For example, effective amounts of polymer include, but are not
limited to about 250 ppm to about 5,000 ppm, such as about 500 to
about 4000 ppm concentration, or about 1000 to 4000 ppm in order to
match or exceed the reservoir oil viscosity under the reservoir
conditions of temperature and pressure.
[0050] Effective amounts of surfactant are concentrations which can
be propagated at a velocity within 25% to that of the polymer and
alkali and are well above the critical micelle concentration (CMC)
and/or increases the amount of oil recovered from a reservoir. For
example, effective amounts of surfactant could include, but are not
limited to about 0.1 to 5.0% by weight, or about 0.3% to 3% by
weight. In one embodiment, the surfactant mass used is within about
1 wt % *0.30 PV; i.e. 2 wt % *0.15 PV; 0.5 wt %*0.6 PV, or about 1
wt % *0.25 PV. The slug size is dependent upon the concentration
used. Optimized total mass tries to be equal to the total estimated
amount of surfactant that will adsorb or be retained in the
reservoir.
[0051] The volume of the ASP slug 21 may be the equal to, or
different from the volumes of the first and second AP slugs 17 and
31. The speed of injection of the slugs may also vary depending on
the reservoir operations.
[0052] Polymer
[0053] Water soluble polymers, such as those commonly employed for
enhanced oil recovery, are included to control the mobility of the
injection solution. Such polymers include, but are not limited to,
biopolymers such as xanthan gum and scleroglucan and synthetic
polymers such as partially hydrolyzed polyacrylamides (HPAMs or
PHPAs) and hydrophobically-modified associative polymers (APs).
Also included are co-polymers of polyacrylamide (PAM) and one or
both of 2-acrylamido 2-methylpropane sulfonic acid (and/or sodium
salt) commonly referred to as AMPS (also more generally known as
acrylamido tertiobutyl sulfonic acid or ATBS) and N-vinyl
pyrrolidone (NVP). Molecular weights (Mw) of the polymers range
from about 100,000 Daltons to about 30,000,000 Daltons, such as
about 100,000 to about 500,000, or about 1,000,000 to about
20,000,000 Daltons. In specific embodiments of the invention the
polymer is about 2,000,000 Daltons, about 8,000,000 Daltons, or
about 20,000,000 Daltons. The polymer and the size of the polymer
may be tailored to the permeability, temperature and salinity of
the reservoir.
[0054] Surfactant
[0055] Surfactants are included to lower the interfacial tension
between the oil and water phase to less than about 10 -2 dyne/cm
(for example) and thereby recover additional oil by mobilizing and
solubilizing oil trapped by capillary forces. Examples of
surfactants that can be utilized include, but are not limited to,
anionic surfactants, cationic surfactants, amphoteric surfactants,
non-ionic surfactants, or a combination thereof. Anionic
surfactants can include sulfates, sulfonates, phosphates, or
carboxylates. Such anionic surfactants are known and described in
the art in, for example, U.S. Pat. No. 7,770,641, incorporated
herein in full. Examples of specific anionic surfactants include
internal olefin sulfonates, isomerized olefin sulfonates, alkyl
aryl sulfonates, medium alcohol (C10 to C17) alkoxy sulfates,
alcohol ether [alkoxy]carboxylates, and alcohol ether
[alkoxy]sulfates. Example cationic surfactants include primary,
secondary, or tertiary amines, or quaternary ammonium cations.
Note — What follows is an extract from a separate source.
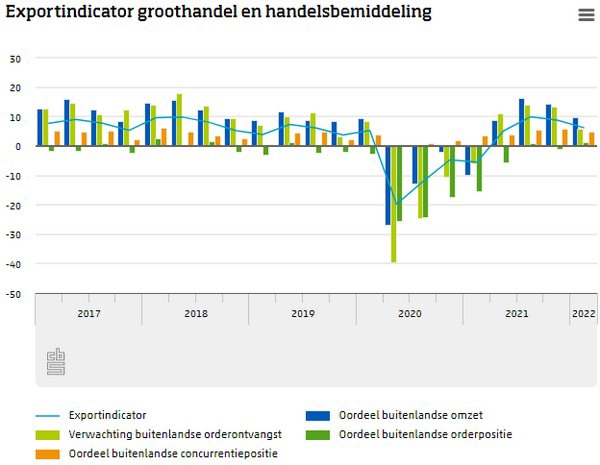 Ondernemers in de groothandel zijn aan het begin van het eerste kwartaal van 2022 ook minder optimistisch over de export dan in het vierde kwartaal van 2021. De exportindicator komt uit op 6,2 punten, tegen 8,8 punten in het vorige kwartaal. Zowel het oordeel over de buitenlandse omzet als de verwachtingen voor de buitenlandse orderontvangst verslechterden, maar bleven positief. Het oordeel over de buitenlandse orderpositie sloeg daarentegen in het eerste kwartaal om van gematigd negatief (vierde kwartaal van 2021) naar gematigd positief, en is hiermee de enige deelindicator die een verbetering laat zien. Over de buitenlandse concurrentiepositie oordeelden groothandelaren iets minder positief dan in het vierde kwartaal.

Example amphoteric surfactants include cationic surfactants that
are linked to a terminal sulfonate or carboxylate group. Example
non-ionic surfactants include alcohol alkoxylates such as alkylaryl
alkoxy alcohols or alkyl alkoxy alcohols. Other non-ionic
surfactants can include alkyl alkoxylated esters and alkyl
polyglycosides. In some embodiments, multiple non-ionic surfactants
such as non-ionic alcohols or non-ionic esters are combined. As a
skilled artisan may appreciate, the surfactant(s) selection may
vary depending upon such factors as salinity, temperature, and clay
content in the reservoir. The surfactants can be injected in any
manner such as continuously or in a batch process.
[0056] Alkali
[0057] The alkali employed is a basic salt of an alkali metal from
Group IA metals of the Periodic Table. In an embodiment, the alkali
metal salt is a base, such as an alkali metal hydroxide, carbonate
or bicarbonate, including, but not limited to, sodium carbonate,
sodium bicarbonate, sodium hydroxide, potassium hydroxide, sodium
silicate, tetrasodium EDTA, sodium metaborate, sodium citrate, and
sodium tetraborate. The alkali is typically used in amounts ranging
from about 0.3 to about 5.0 weight percent of the solution, such as
about 0.5 to about 3 weight percent. As previously discussed, use
of the alkali maintains surfactant in a high pH environment,
thereby minimizing surfactant adsorption. Alkali also protects the
surfactant from hardness. Using alkali before and after the ASP
slug helps to minimize surfactant adsorption, as a high pH
environment is maintained through any diffusion of the ASP
slug.
[0058] Additional Additives
[0059] The slugs described throughout this disclosure, including
the AP slugs 17 and 31, the ASP slug 21, and any chaser slugs can
also include additional additives. These additives include
chelators, co-solvents, reducing agents/oxygen scavengers, and
biocides. Chelators may be used to complex with multivalent cations
and soften the water in the solution. Examples of chelators include
ethylenediaminetetraacetic acid (EDTA) which can also be used as an
alkali, methylglycinediacetic acid (MGDA). Chelants may be utilized
to handle hard brines. The amount of chelant may be selected based
on the amount of divalent ions in the slug solutions. For example,
chelating agents can be used a 10:1 molar ratio with divalent
cations such as calcium or magnesium. Other chelating agents may
work depending on the brine composition and the desired pH.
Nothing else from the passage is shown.